Bioinformatics Original Paper Predicting Methylation Status of Cpg Islands in the Human Brain

MOTIVATION Over 50% of human genes contain CpG islands in their 5'-regions. Methylation patterns of CpG islands are involved in tissue-specific gene expression and regulation. Mis-epigenetic silencing associated with aberrant CpG island methylation is one mechanism leading to the loss of tumor suppressor functions in cancer cells. Large-scale experimental detection of DNA methylation is still both labor-intensive and time-consuming. Therefore, it is necessary to develop in silico approaches for predicting methylation status of CpG islands. RESULTS Based on a recent genome-scale dataset of DNA methylation in human brain tissues, we developed a classifier called MethCGI for predicting methylation status of CpG islands using a support vector machine (SVM).
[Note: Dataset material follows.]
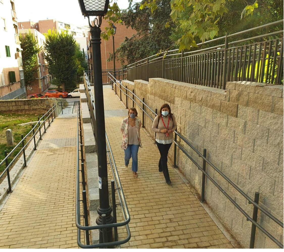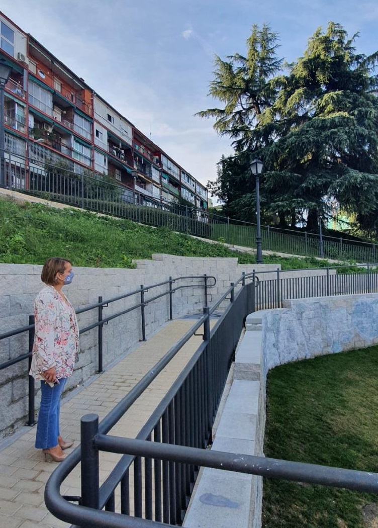 La concejala de Moncloa-Aravaca, Loreto Sordo, ha visitado hoy las nuevas rampas peatonales que se han instalado en las inmediaciones de las calles Aguilafuente y Azuaga, en el barrio de Valdezarza, para sustituir una larga escalera por nuevos itinerarios peatonales totalmente accesibles.

Nucleotide sequence contents as well as transcription factor binding sites (TFBSs) are used as features for the classification. The method achieves specificity of 84.65% and sensitivity of 84.32% on the brain data, and can also correctly predict about two-third of the data from other tissues reported in the MethDB database. AVAILABILITY An online predictor based on MethCGI is available at http://166.111.201.7/MethCGI.html CONTACT mzhang@cshl.edu SUPPLEMENTARY INFORMATION Supplementary data available at Bioinformatics online and http://166.111.201.7/help.html.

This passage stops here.